There were 378 households, of which 39.4% had children under the age of 18 living with them, 42.1% were married couples living together, 16.1% had a female householder with no husband present, 9.3% had a male householder with no wife present, and 32.5% were non-families. 27.8% of all households were made up of individuals, and 8.7% had someone living alone who was 65 years of age or older. The average household size was 2.60 and the average family size was 3.10.

The median age in the town was 34 years. 30.5% of residents were under the age of 18; 8.5% were between the ages of 18 and 24; 25% were from 25 to 44; 25.1% were from 45 to 64; and 10.8% were 65 years of age or older. The gender makeup of the town was 50.9% male and 49.1% female.

===2000 census===
As of the 2000 census, there were 1,010 people, 409 households and 254 families living in the town. The population density was 1,251.5 PD/sqmi. There were 450 housing units at an average density of 557.6 /sqmi. The racial makeup of the town was 97.52% White, 0.40% African American, 0.10% Native American, 0.30% Asian, 0.20% Pacific Islander, 0.30% from other races, and 1.19% from two or more races. Hispanic or Latino of any race were 0.99% of the population.

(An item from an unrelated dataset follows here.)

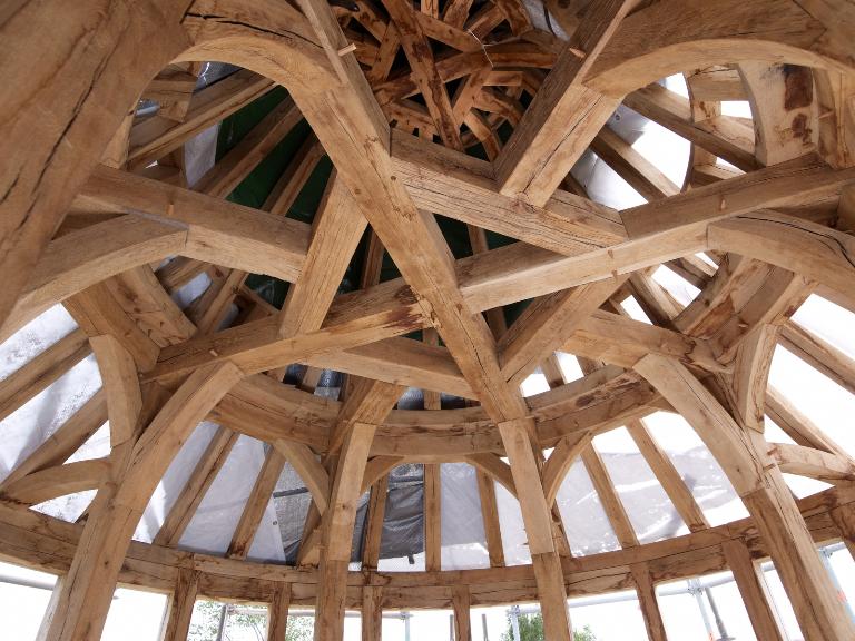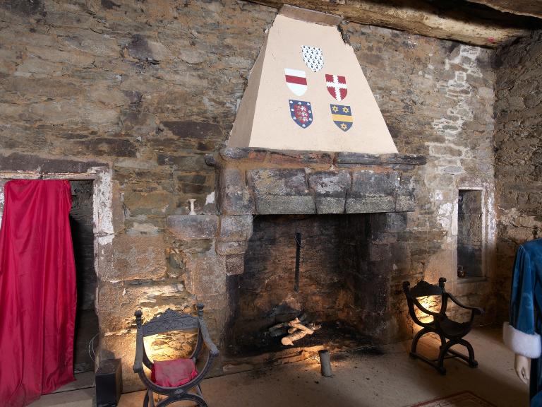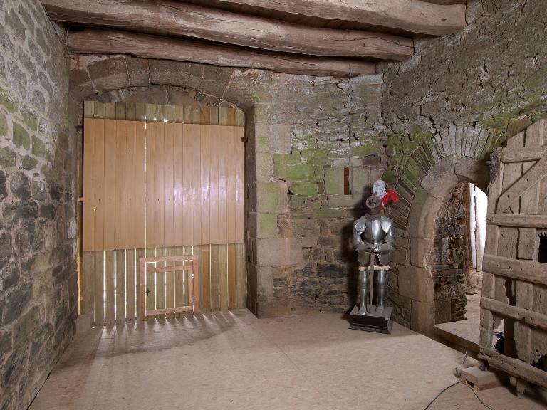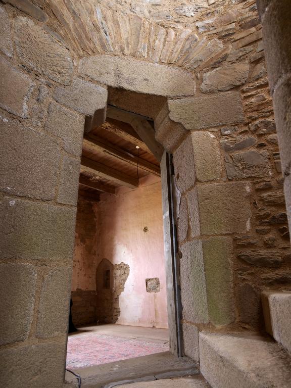 La salle et la chambre seigneuriales, aujourd'hui plafonnées, étaient à l'origine sous charpente comme le prouve la structure à fermes et pannes, liens courbes et poinçon octogonal en grande partie en place dans le comble. Une pièce haute, sans doute à pans de bois à l'image de celle de la Roche-jagu surmontait la tour d'escalier. Une autre pièce haute pourvue d'une cheminée à linteau clavé en arc segmentaire surmonte la chapelle. Cette pièce pouvait avoir un usage défensif comme semble l'indiquer une ligne de blochets sciés situés juste en dessous de la corniche qui surmonte le portail d'entrée. Ces blochets devaient porter une grande lucarne-pignon en pan de bois dont l'encorbellement au-dessus de l'entrée était maintenu par des jambes de force reposant sur deux culots sculptés de têtes humaines, reprenant un principe constructif employé à la même époque pour la coursière de la Roche-Jagu.

There were 409 households, out of which 37.4% had children under the age of 18 living with them, 47.2% were married couples living together, 11.0% had a female householder with no husband present, and 37.7% were non-families. 31.8% of all households were made up of individuals, and 11.0% had someone living alone who was 65 years of age or older. The average household size was 2.47 and the average family size was 3.14.

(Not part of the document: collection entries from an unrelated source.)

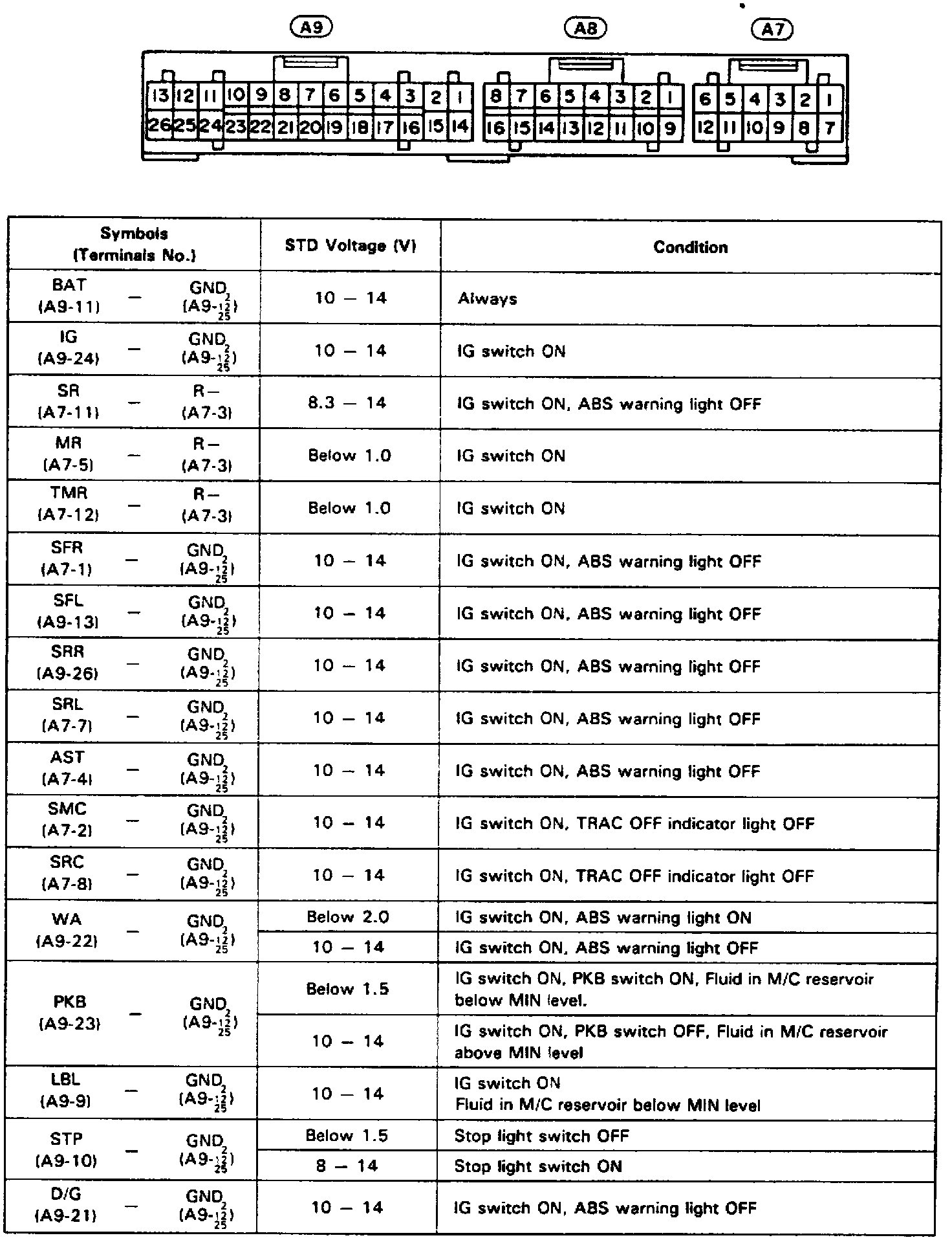 Fig. 34 ABS & TRAC ECU Terminal Identification & Values (Part 2 Of 2):
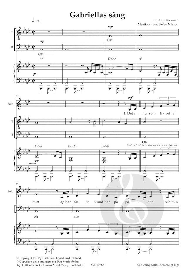 Gabriellas Lied aus dem Film 'Wie im Himmel' für Solo-Gesang im Violinschlüssel und gemischten Chor. In schwedischer Sprache.
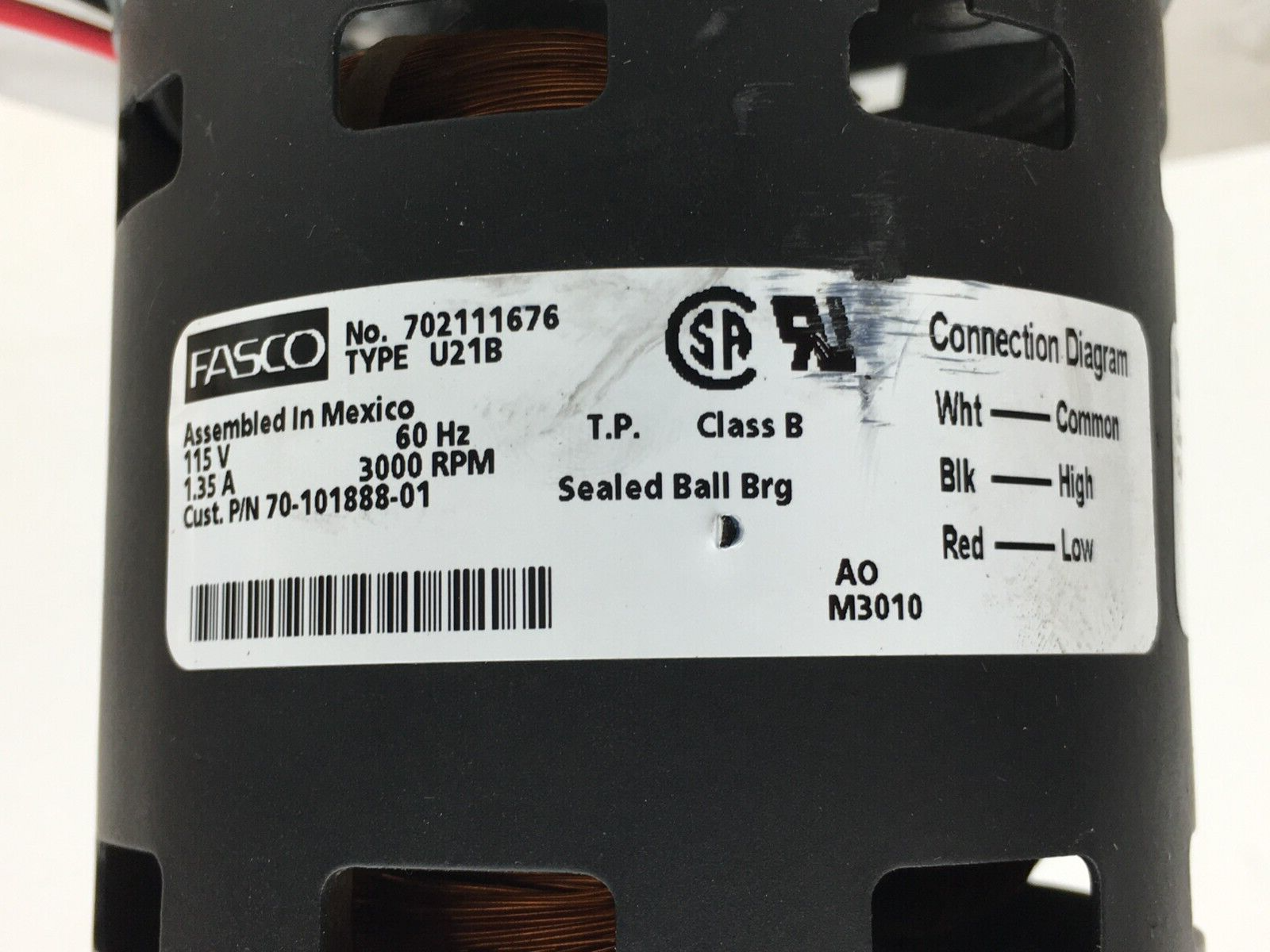This is FASCO 702111676 Draft Inducer Blower Motor Assembly 70-101888-01 115V 3000RPM used part.
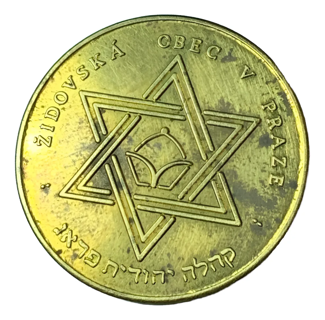 Medalla conmemorativa dedicada a la Sinagoga de Prada y la estrella de Israel, fusiona elementos arquitectónicos y religiosos, perfecta para coleccionistas de temática israelita.
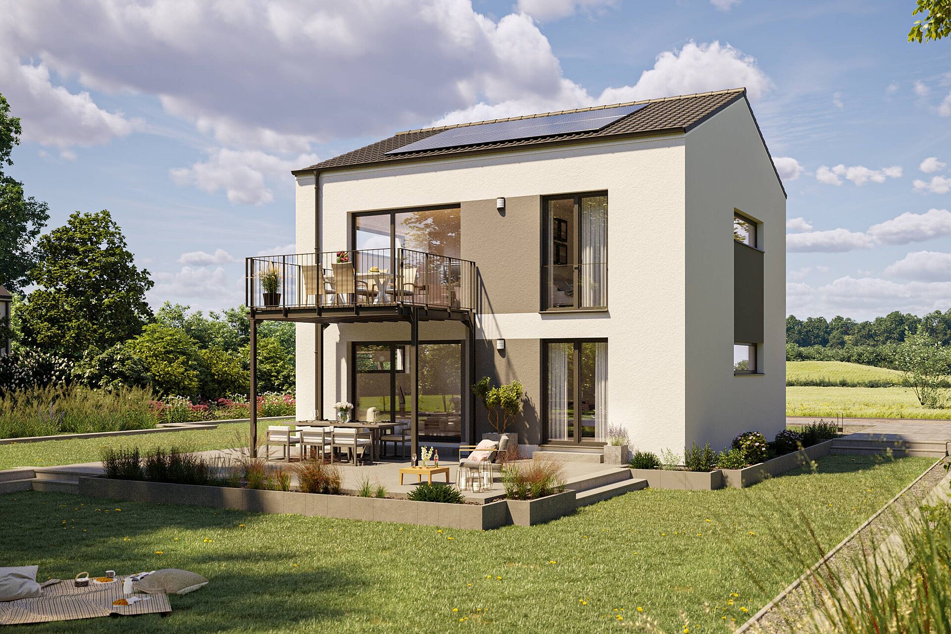 Der Hausentwurf newLife von WeberHaus präsentiert sich als eine innovative Lösung mit zwei separaten Wohneinheiten auf zwei Vollgeschossen. Jede Wohnung bietet etwa 65 Quadratmeter Wohnfläche. Über eine Stahl-Außentreppe gelangt man zur oberen Wohnung. Bodentiefe Fenster und Fenstertüren im Erd- und Obergeschoss schaffen eine offene, luftige Atmosphäre und lassen viel Licht herein. Das Haus präsentiert sich mit einem Satteldach ohne Dachüberstand. Das Dach ist mit 16 Photovoltaik-Modulen ausgestattet, um nachhaltige Energie zu erzeugen und den ökologischen Fußabdruck zu minimieren.

In the town, the population was spread out, with 30.5% under the age of 18, 9.6% from 18 to 24, 33.5% from 25 to 44, 16.6% from 45 to 64, and 9.8% who were 65 years of age or older. The median age was 30 years. For every 100 females, there were 99.2 males. For every 100 females age 18 and over, there were 95.0 males.

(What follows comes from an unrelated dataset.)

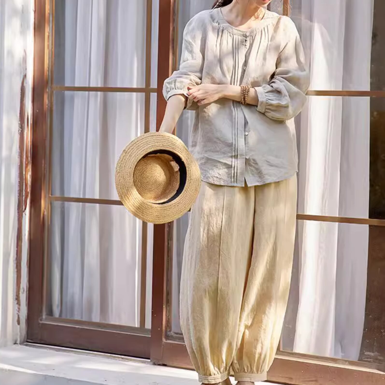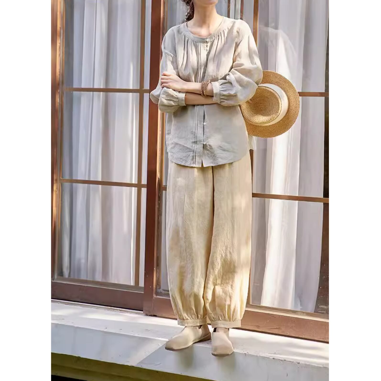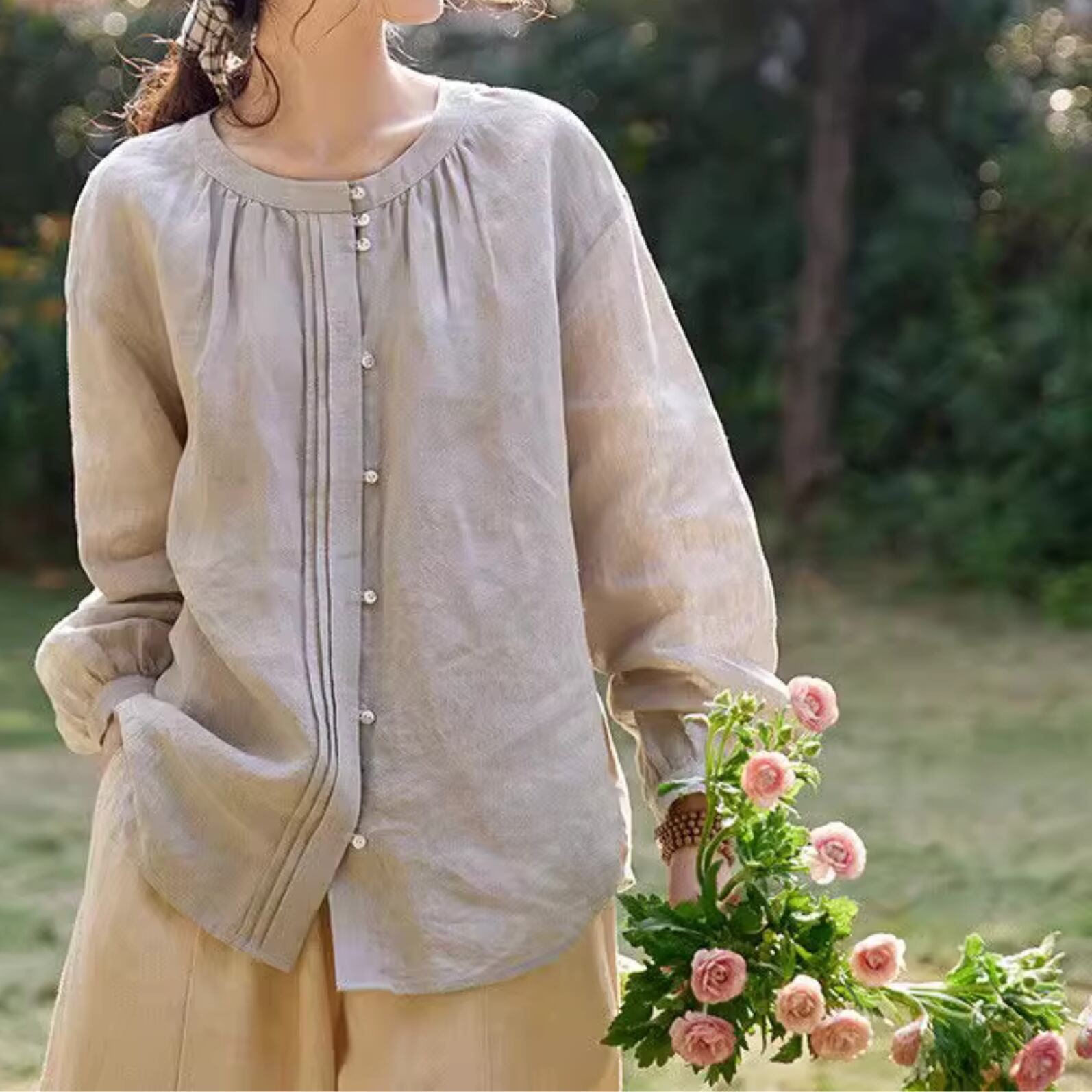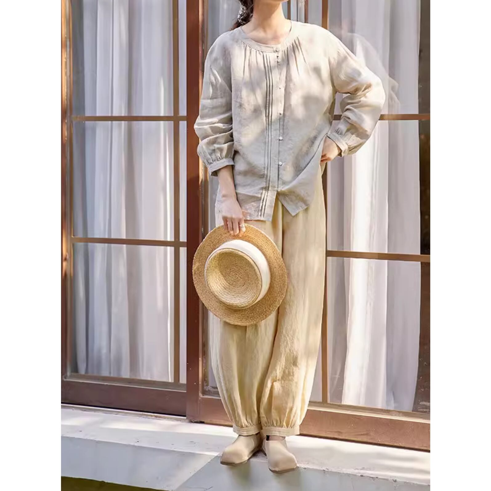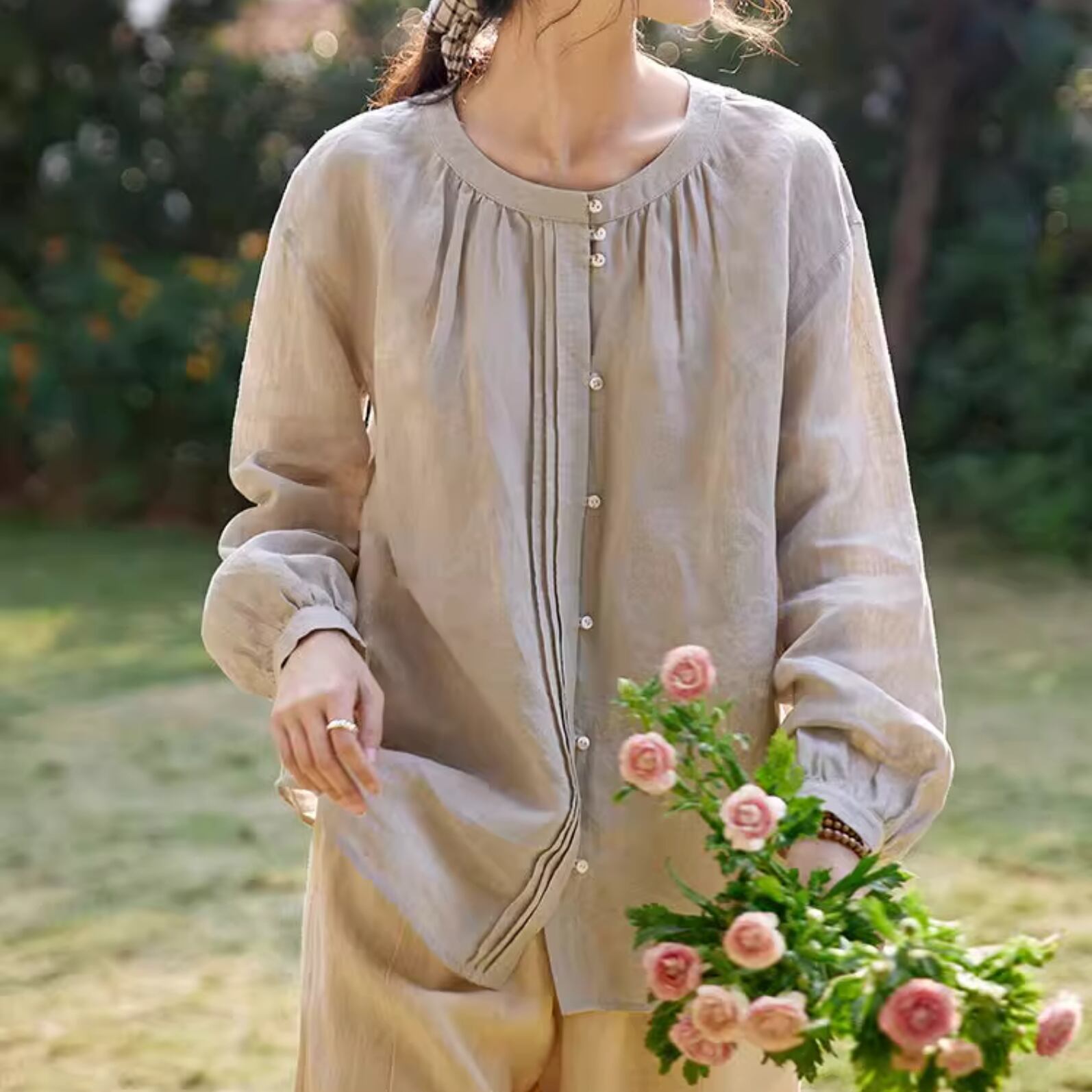 ラウンドネックとふんわりとしたシルエットで、大人の女性らしい上品さを演出します。

The median income for a household in the town was $35,893, and the median income for a family was $42,841. Males had a median income of $32,833 versus $23,208 for females. The per capita income for the town was $14,922. About 10.2% of families and 12.8% of the population were below the poverty line, including 16.3% of those under age 18 and 15.0% of those age 65 or over.